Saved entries
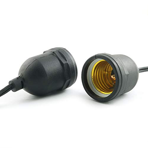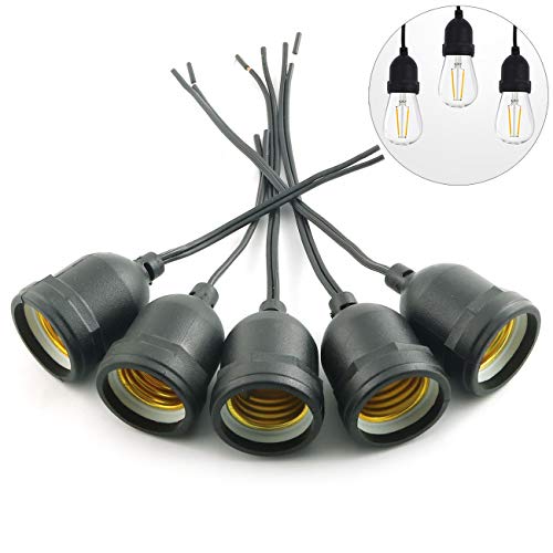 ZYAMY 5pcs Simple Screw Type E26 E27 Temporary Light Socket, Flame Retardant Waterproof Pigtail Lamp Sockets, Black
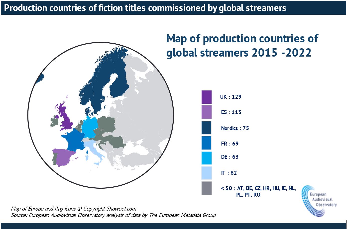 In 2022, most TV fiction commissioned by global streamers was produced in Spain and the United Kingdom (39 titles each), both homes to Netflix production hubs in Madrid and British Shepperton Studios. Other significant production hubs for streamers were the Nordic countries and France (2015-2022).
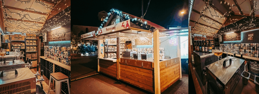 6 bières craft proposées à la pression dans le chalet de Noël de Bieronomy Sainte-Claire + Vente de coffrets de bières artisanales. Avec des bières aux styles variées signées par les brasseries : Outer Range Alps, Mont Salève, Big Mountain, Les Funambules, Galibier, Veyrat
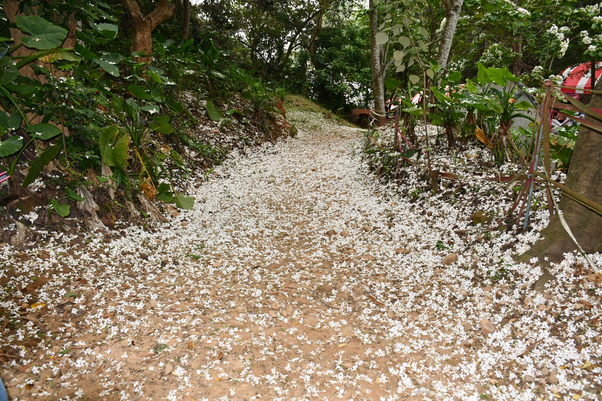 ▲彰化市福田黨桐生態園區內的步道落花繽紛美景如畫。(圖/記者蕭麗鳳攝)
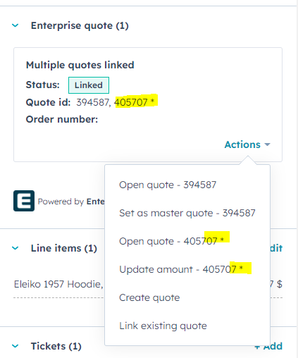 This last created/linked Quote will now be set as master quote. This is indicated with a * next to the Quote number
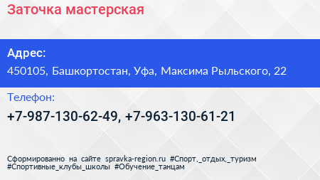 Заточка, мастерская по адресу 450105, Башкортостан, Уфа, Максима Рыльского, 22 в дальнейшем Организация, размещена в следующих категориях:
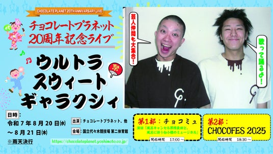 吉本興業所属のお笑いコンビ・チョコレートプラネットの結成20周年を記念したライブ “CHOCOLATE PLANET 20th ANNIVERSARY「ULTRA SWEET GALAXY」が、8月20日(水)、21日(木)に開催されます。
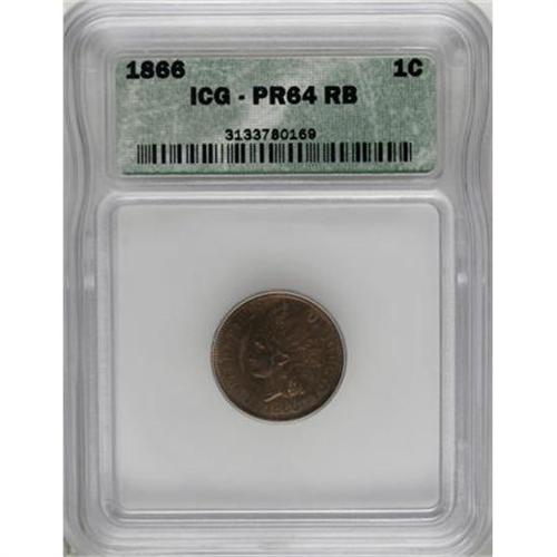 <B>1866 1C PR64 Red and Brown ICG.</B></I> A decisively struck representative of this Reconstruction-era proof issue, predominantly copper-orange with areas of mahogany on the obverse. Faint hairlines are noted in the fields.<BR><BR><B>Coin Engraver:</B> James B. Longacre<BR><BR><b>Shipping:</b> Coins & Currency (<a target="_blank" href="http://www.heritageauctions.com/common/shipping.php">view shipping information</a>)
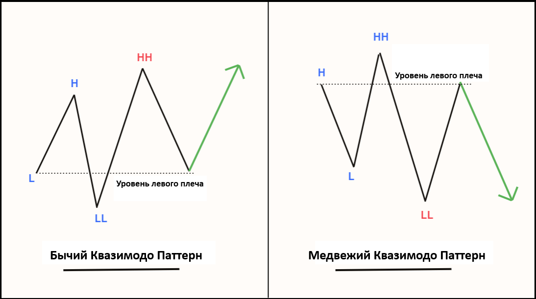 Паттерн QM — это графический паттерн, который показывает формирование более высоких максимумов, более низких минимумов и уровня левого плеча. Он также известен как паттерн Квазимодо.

:: WHAT THE EXERCISE ASKS ::
Render the records above word for word and leave the pictures out.

:: WRITTEN RESPONSE ::
 ZYAMY 5pcs Simple Screw Type E26 E27 Temporary Light Socket, Flame Retardant Waterproof Pigtail Lamp Sockets, Black
 In 2022, most TV fiction commissioned by global streamers was produced in Spain and the United Kingdom (39 titles each), both homes to Netflix production hubs in Madrid and British Shepperton Studios. Other significant production hubs for streamers were the Nordic countries and France (2015-2022).
 6 bières craft proposées à la pression dans le chalet de Noël de Bieronomy Sainte-Claire + Vente de coffrets de bières artisanales. Avec des bières aux styles variées signées par les brasseries : Outer Range Alps, Mont Salève, Big Mountain, Les Funambules, Galibier, Veyrat
 ▲彰化市福田黨桐生態園區內的步道落花繽紛美景如畫。(圖/記者蕭麗鳳攝)
 This last created/linked Quote will now be set as master quote. This is indicated with a * next to the Quote number
 Заточка, мастерская по адресу 450105, Башкортостан, Уфа, Максима Рыльского, 22 в дальнейшем Организация, размещена в следующих категориях:
 吉本興業所属のお笑いコンビ・チョコレートプラネットの結成20周年を記念したライブ “CHOCOLATE PLANET 20th ANNIVERSARY「ULTRA SWEET GALAXY」が、8月20日(水)、21日(木)に開催されます。
 <B>1866 1C PR64 Red and Brown ICG.</B></I> A decisively struck representative of this Reconstruction-era proof issue, predominantly copper-orange with areas of mahogany on the obverse. Faint hairlines are noted in the fields.<BR><BR><B>Coin Engraver:</B> James B. Longacre<BR><BR><b>Shipping:</b> Coins & Currency (<a target="_blank" href="http://www.heritageauctions.com/common/shipping.php">view shipping information</a>)
 Паттерн QM — это графический паттерн, который показывает формирование более высоких максимумов, более низких минимумов и уровня левого плеча. Он также известен как паттерн Квазимодо.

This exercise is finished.